THE TASK:
Any picture in the data below should be skipped, while every line is repeated exactly.

DATASET SECTION:
________________________

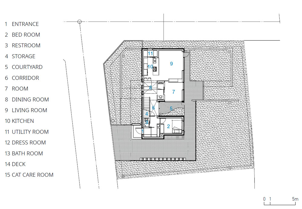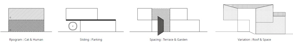 건축주는 고양이와 함께 살 50평 내외의 주택을 꿈꿨다. 고양이 놀이터, 보호실과 고양이를 위한 자그마한 기능적인 요구들뿐 아니라 두 사람이 누릴 수 있는 자그마한 공간까지 구체적인 요구 사항이 있었다. 특히, 건축주는 고양이가 집 밖으로 나가는 상황에 대한 우려가 컸으며, 그런 우려는 고양이 탈출을 막을 수 있는 중정형 주택을 염두에 두고 있을 정도였다.
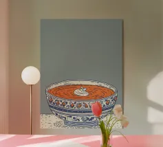 Un campo infinito di fiori grafici nei colori vivaci dell'arancio, del blu e del crema: moderno, giocoso e pieno di energia. La ripetizione ritmica crea una sensazione di infinito e leggerezza. Questo motivo porta il calore dell'estate e una moderna dichiarazione di design in ogni stanza.
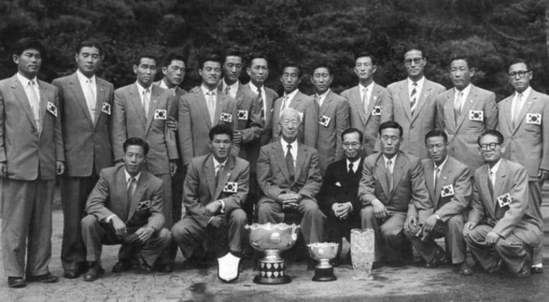 1956년 한국 국가대표팀이 우승하고 이상만 대통령과 함께

________________________

ANSWER SECTION:
 건축주는 고양이와 함께 살 50평 내외의 주택을 꿈꿨다. 고양이 놀이터, 보호실과 고양이를 위한 자그마한 기능적인 요구들뿐 아니라 두 사람이 누릴 수 있는 자그마한 공간까지 구체적인 요구 사항이 있었다. 특히, 건축주는 고양이가 집 밖으로 나가는 상황에 대한 우려가 컸으며, 그런 우려는 고양이 탈출을 막을 수 있는 중정형 주택을 염두에 두고 있을 정도였다.
 Un campo infinito di fiori grafici nei colori vivaci dell'arancio, del blu e del crema: moderno, giocoso e pieno di energia. La ripetizione ritmica crea una sensazione di infinito e leggerezza. Questo motivo porta il calore dell'estate e una moderna dichiarazione di design in ogni stanza.
 1956년 한국 국가대표팀이 우승하고 이상만 대통령과 함께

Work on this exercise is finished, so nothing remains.